Billions of dollars are being collected in songwriter royalties for streamed music, TV, music, movies and broadcast radio play. Despite that fact, the big music-publishing corporations and their national association continue to claim that the cause of inequitable payments to songwriters is because not enough money is given to them. However, the sad but true problem for songwriters and composers is that they are last in line to be paid. Several other entities have their hand in the till that are happy to collect money and hold it in escrow and yet still manage to be paid long before finally disbursing a percentage to the writer. For example, in 2012, Broadcast Music Inc., the second-largest performance rights organization, took in $944 million in royalty payments, but only distributed $814 million to copyright holders, keeping $130 million for itself. Regardless of the platform on which songs are played, it is a well-documented fact that royalties paid by licensees are severely whittled down before the remainder, a small fraction of the original amount, finally trickles back to actual writer of a song.

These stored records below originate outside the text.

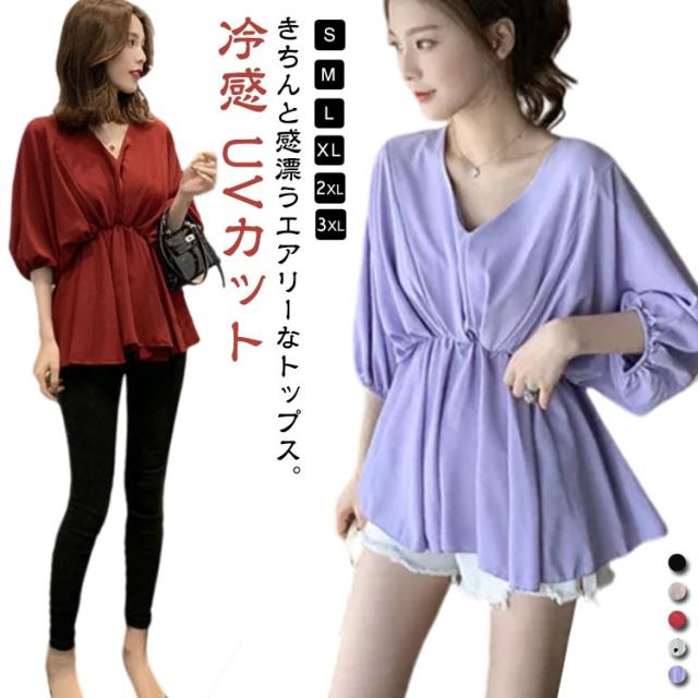 シアーシャツ 夏 大きいサイズ パフスリーブ シフォンブラウス tシャツ 半袖 レディース 薄手 半袖 ブラウス Vネック トップス 日焼け防止 冷感 UVカット 軽量 韓国ファッション 体型カバー チュニック 通勤 着痩せ おしゃれ 送料無料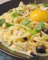 塩で味を調え、ゆでたスパゲッティをからて盛り付ける。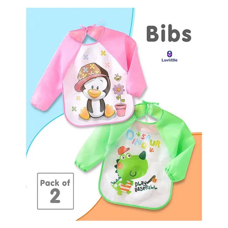 Luvlittle Full Sleeves Washable PVC Waterproof Bibs Pack Of 2 – Green Pink (Print May Vary)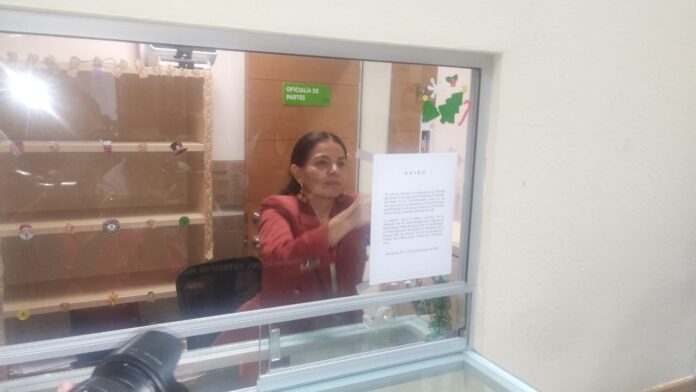 Este área del Poder Legislativo cerraba labores en punto de las 16:00 horas, sin embargo, cuando estaba por cumplirse está hora, una de las en agradas salió y pego un aviso.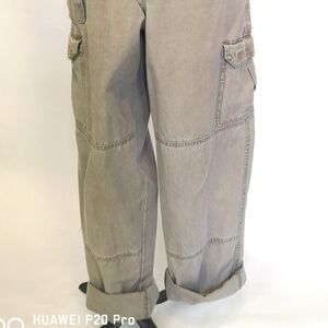 90s Vintage Cotton Oversized Boyfriend Beige 7-pocket Gender Neutral Cargo Pants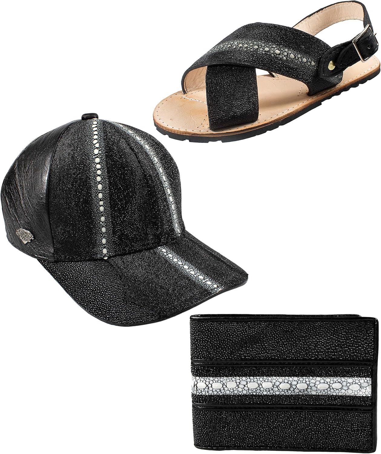 Package Exotic Genuine Stingray Leather Huarache,Wallet and Cap Color Black
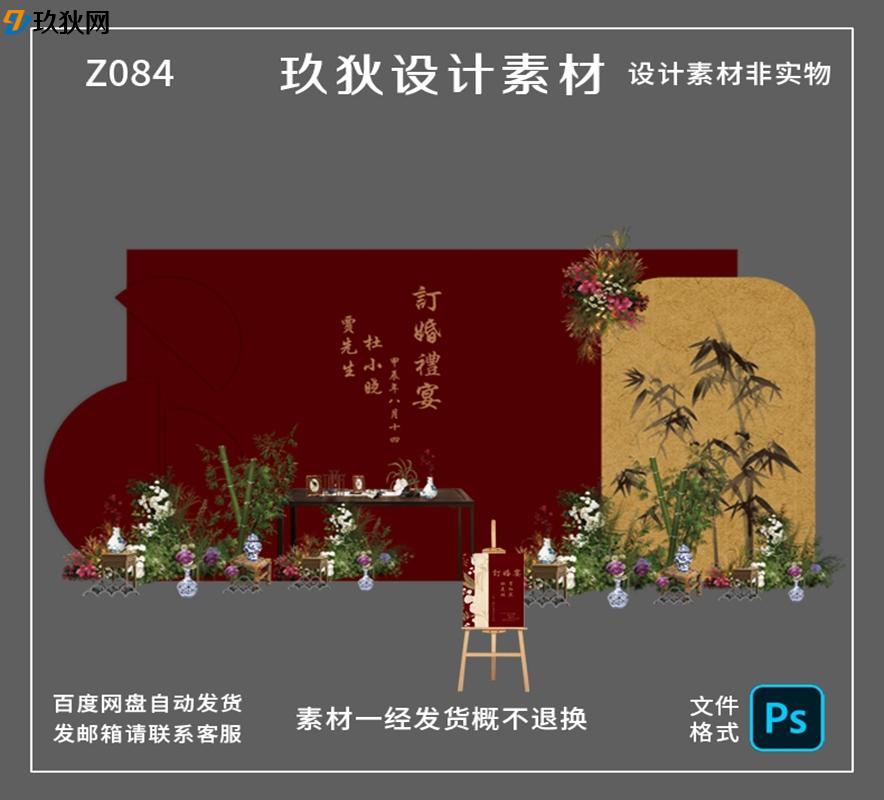 Z199红色新中式订婚宴回门宴结婚派对背景设计素材源文件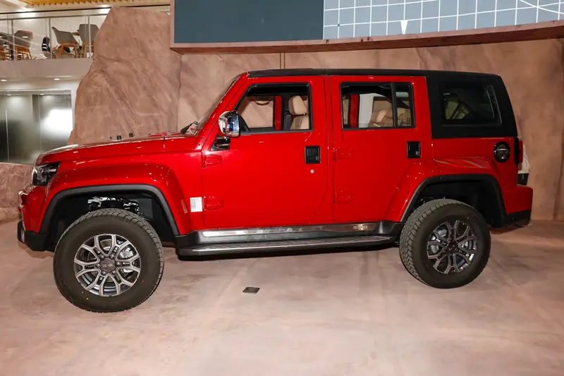 外观方面,外观方面,新车沿用了老款车型设计,并采用了经典的红色车漆。前脸经典的五孔状前格栅非常具有辨识度,整体造型方正,突出了其硬派属性,直棱直角的设计也使得车内空间更加充裕。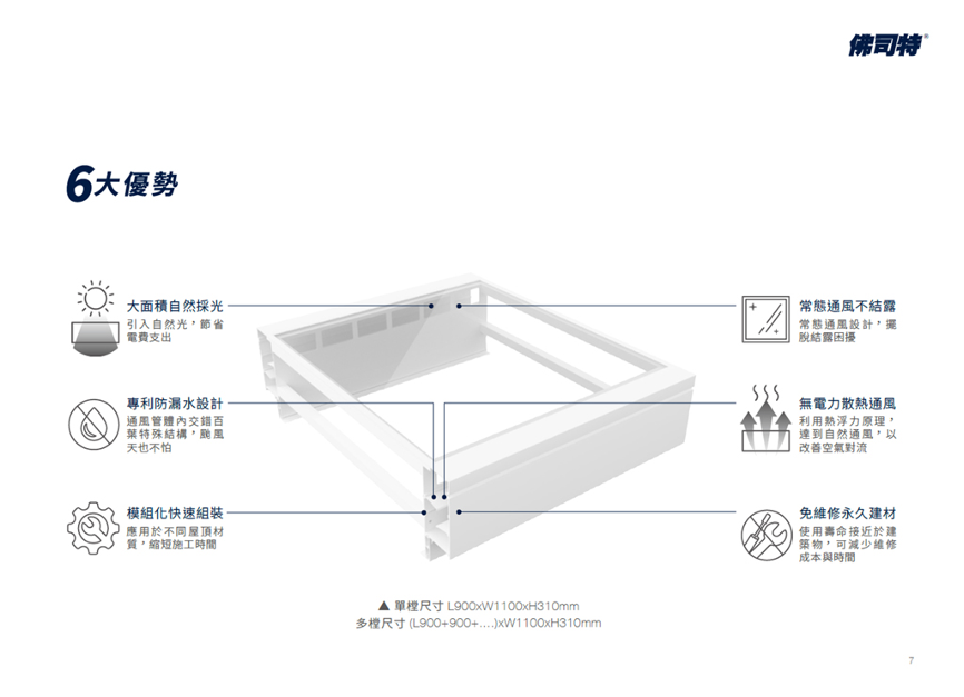 建築物載體除去最基本的居住安全外,最為重要的需求便是採光與通風。而過往業界窗體皆未能有重大創新,直至佛司特金屬看見其商機,投入技術資金開發專利產品──佛司特採光通風窗系列,將自然採光、散熱通風兩大功能整合在單一建材上。

If “fairness” for songwriters is the standard by which this issue should be judged, there are plenty of places that demand priority before attempting to squeeze more out of licensees already struggling to survive. Does it really take $130 million a year to collect and process payments to artists? Are publishing corporations really entitled to 50 percent of a songwriter’s royalties? Where are the calls for “fair pay” directed at all the many and varied interests taking a cut of songwriters’ profits?
The fact is, reforming how the music industry operates would afford artists more compensation, but it would also undermine the total domination that corporate interests such as big music publishers and performance rights organizations exert over artists. Artists might see a marginal increase in revenues under the Songwriters Equity Act, but not nearly as much as the big corporations secretly pulling the strings. More importantly, it would allow these corporations to keep completely intact the current exploitive system that enables them to keep a heavy hand in songwriters’ bank accounts.
The bottom line is that despite all of the songwriter-centric rhetoric and the use of individual songwriters as the face of the industry campaign, this isn’t about them. The lobbying campaign is designed to give a pittance of benefit to composers, while feeding the corporations that voraciously profit from artists’ work, even if it means killing off the burgeoning new streaming industry and leaving music consumers singing the blues.
Daniel Horowitz is an independent consultant who has served as a staffer in the U.S. House and Senate and as a presidential appointee at the U.S. Small Business Administration.